Advanced Antibody Validation Strategies to Ensure Scientific Reproducibility

Although there are millions of antibodies available commercially, some are better validated than others. Choosing the right antibody and confirming that it works for your application and target is critical for generating reproducible results. This article looks at some of the antibody validation strategies used by trusted vendors and suggests how you can implement these methods in your own lab.

Proper validation is essential for vendors to provide high-quality antibodies

A growing number of publications point toward poorly validated antibodies as major contributors to the reproducibility crisis.
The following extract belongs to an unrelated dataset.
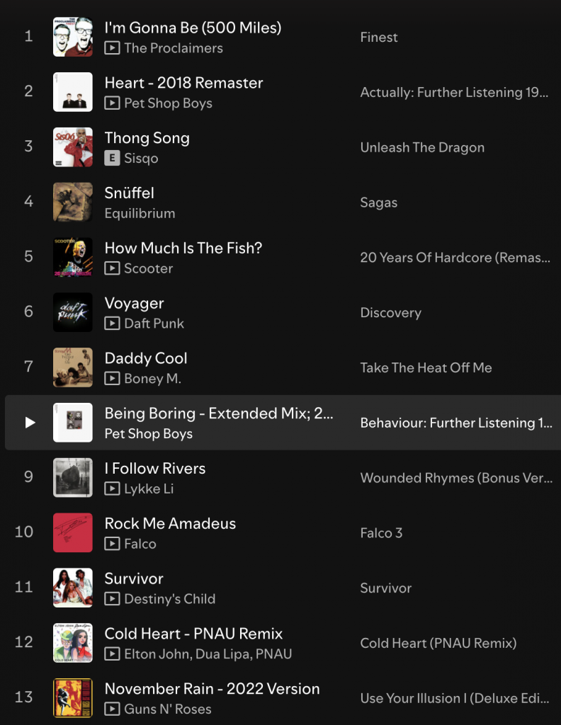 So, most of all Pet Shop Boys, Dua Lipa, Daft Punk and some songs that might surprise some of my friends and family. But just during this very first playthrough, it reminded me of my uncle who did those radio shows on free local radio channels … and to some degree to what I did with movies at the university.
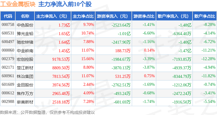 从资金流向上来看,当日工业金属板块主力资金净流出22.1亿元,游资资金净流入8.42亿元,散户资金净流入13.69亿元。工业金属板块个股资金流向见下表:

For example, a 2008 study by Berglund et al. found that when 5,436 commercial antibodies from 51 different antibody providers were independently validated using western blotting and IHC on tissue microarrays, only half received a pass. Notably, failure rates among vendors ranged from 0 to 100%, suggesting that proper validation and quality control is fundamental to providing high-quality reagents. However, a caveat of this investigation is that many of the antibodies had not been vendor-approved for the IHC application.^1,2

Ensuring antibody specificity begins upstream of validation

When developing antibodies, there are several critical steps for ensuring specificity that should be considered upstream of validation processes. According to Dr. Joanna Porankiewicz Asplund, Customer Support Manager at Agrisera Antibodies, antigen selection is of paramount importance. “If the sequence used to elicit an antibody is not unique to the target of interest, the risk of cross-reactivity is increased,” she says. “For example, if a full-length protein is used for immunization, from a protein family, cross reaction with other family members is very likely.”

Purity is another factor that can influence antibody performance. “When developing our monoclonal antibodies, we use multiple chromatography steps to achieve high purity,” reports Shamim Mohammad, Ph.D., Lead Scientist at ATCC. “These include protein A/G affinity chromatography, ion exchange chromatography, hydrophobic interaction chromatography, and size exclusion chromatography. The purity of the final antibody product is assessed during phase 1 of our two-tiered quality control (QC) process, along with properties such as isotype, concentration, and antigen specificity.”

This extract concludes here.